An elegant trick to compute moments of Gaussian RV

Assume we have a zero-mean Gaussian RV $\mathbf x$ with variance $\sigma^2$, and we want to compute its moments, i.e., $E\{\mathbf x^n\}$. The moments for odd $n$ are zero because the density function of our RV $f(x)$ is an even function. But how to compute the moments. i.e.,

$$E\{\mathbf x^n\} =\int\limits_{-\infty}^{\infty} x^n f(x) dx =\frac{1}{\sigma \sqrt{2\pi}}\int\limits_{-\infty}^{\infty} x^n e^{-x^2/2\sigma^2} dx $$

for even $n$? Of course this is not a very difficult integral (can be computed through integration by parts etc.), but there is a very elegant way of computing it and I thought it’s worth making a post about, because it may prove handy in other circumstances too.

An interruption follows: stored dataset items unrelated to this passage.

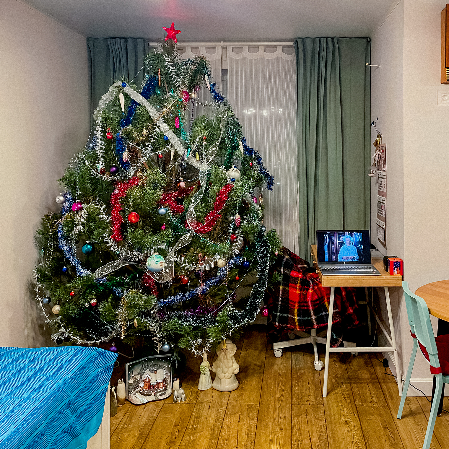 Студия и огромная елка — и у тебя ноль шансов избежать праздничного настроения каждый день. И не важно, что там фоном происходит.
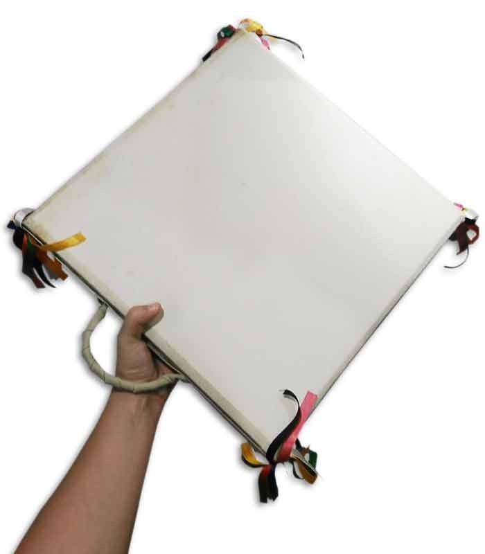 O adufe é um instrumento musical português membranofone quadrangular. A medida 35cm corresponde aos lados do caixilho.
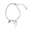 Charming Multi-Element Pendant Design: Adorned with multiple small pendants, including a pink heart-shaped artificial gemstone, a white bead, and a delicate metal bow, this bracelet exudes a romantic and playful vibe. Each pendant adds unique character, creating a whimsical yet sophisticated look.
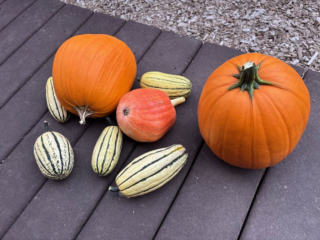 We are spotting different birds. The garden scenes are shifting. The sunflowers and dahlias are drooping. The harvest is different. When at first we were inundated with peas and lettuce and chard, and so many cucumbers and zuchinni. Now we have peppers and pumpkins and delicata. Our tomatillos are all ready, the string beans have proliferated, the potatoes are big enough to eat.
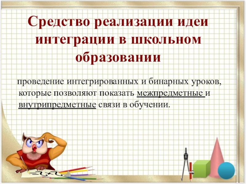 Средство реализации идеи интеграции в школьном образовании  проведение интегрированных и бинарных уроков, которые позволяют показать межпредметные

Consider the following definite integral that we know how to compute:

$$\int\limits_{-\infty}^{\infty} e^{-\alpha x^2} dx = \sqrt{\frac{\pi}{\alpha}}. $$

Now differentiate this integral w.r.t. $\alpha$ $k$ times. It’s easy to see that differentiating both sides yields:

$$\int\limits_{-\infty}^{\infty} x^{2k} e^{-\alpha x^2} dx = \frac{1 \cdot 3 \cdots (2k-1) }{}\sqrt{\frac{\pi}{\alpha^{2k+1}}}. $$

Now just replace $\alpha$ with $\sigma$ and we have all we need to compute the moments.

What was the point of this post?

Of course the point wasn’t to compute moments for a Gaussian RV. The point is to show this trick that was used to compute the moments, which is not just aesthetically pleasing but can also be pretty useful in other contexts for two reasons. Firstly, note that this trick computes the derivative of a density $f(x)$ w.r.t. a parameter other than $x$. This is a pretty useful trick to have in your mental toolbox, because it can greatly simplify proofs (as in here) or even make them possible. For example, this trick is used in Price’s theorem — a very important theorem. Secondly, the idea of computing the derivative of both sides of an expression is also a useful trick worth keeping in the top shelf of the mind, as it is also used for various proofs.